Asparagus with prawns

Asparagus with egg and prawns

For a party I am not keen on cold asparagus. It just isn't the same once cold so I prefer to make sparrismousse med räkor med dill (asparagus mousse with prawns and dill) instead. The mousse can even be made a day or two in advance and just finished off before guests arrive.

Crispy baked asparagus

Crispy baked asparagus with lemon mayonnaise

Krispigt bakad sparris med Västerbottensost (crispy baked asparagus with Västerbottensost) makes a wonderful and easy starter, tapas or addition to a buffet. It can be made with Parmesan, instead of Västerbottensost, if you prefer. Serve it with some lovely lemony mayonnaise and you will have a wonderful treat.

Asparagus soup

White asparagus soup garnished with fresh herbs and chive flowers

Sparrissoppa (asparagus soup) used to be a Sunday special and was often served as a starter at confirmations and weddings during the asparagus season. Traditionally it was made with white asparagus, but it can also be made with green asparagus.

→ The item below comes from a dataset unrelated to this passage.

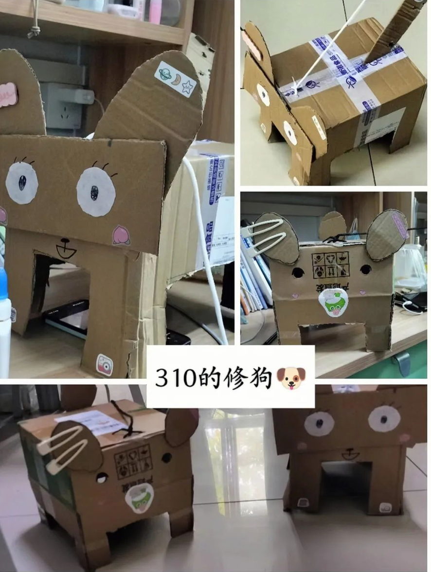 另一位重庆的大学生也在社交平台上分享了自己制作的纸箱小狗:“我觉得一方面很多大学生喜爱宠物,但是学校宿舍不能养。另一方面就是疫情当下,学生们想丰富大学生活,利用简单的物品,秀出能力。”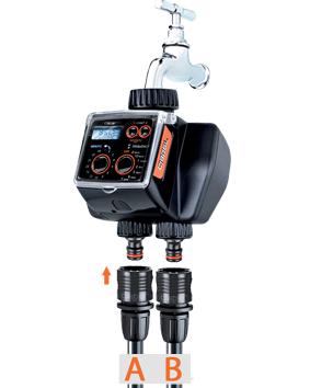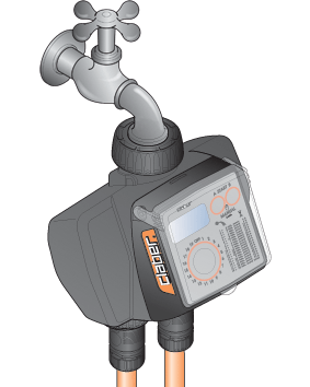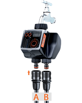 Ena krmilna ura s širokim izborom vnaprej določenih namakalnih časov, s katerimi izjemno preprosto upravljate dve neodvisni vodni liniji, saj uporabljate le nekaj gumbov. Električne povezave niso potrebne: ena 9V beterija zadostuje za celo sezono. Krmilno uro samo privijete na pipo in je že pripravljena za uporabo. Izbirate lahko med 14 namakalnimi časi in 7 frekvencami, kar predstavlja skupno 98 programov za vsako linijo. Osvetljeni LCD zaslon in funkcija zakasnitve izbranega programa. Preizkušena za zanesljivo in brezskrbno delovanje.Že opremljena za enostavno povezavo s senzorjem za dež prek kabla; senzor v primeru dežja prekine program v teku in ga znova zažene, ko dež poneha.

Asparagus and smoked salmon tart

Asparagus and smoked salmon tart

Sparrispaj med rökt lax (asparagus and smoked salmon tart) is an attractive and delicious spring tart which is well worth making when locally grown asparagus is at its best.

Asparagus in salads

Prawn cocktail garnished with asparagus spears

Asparagus can be added to many other dishes, either as a garnish or as an addition to a nice salad. Asparagus spears also go particularly well with some lovely waxy new potatoes, melted butter or vinaigrette and herbs: fantastic.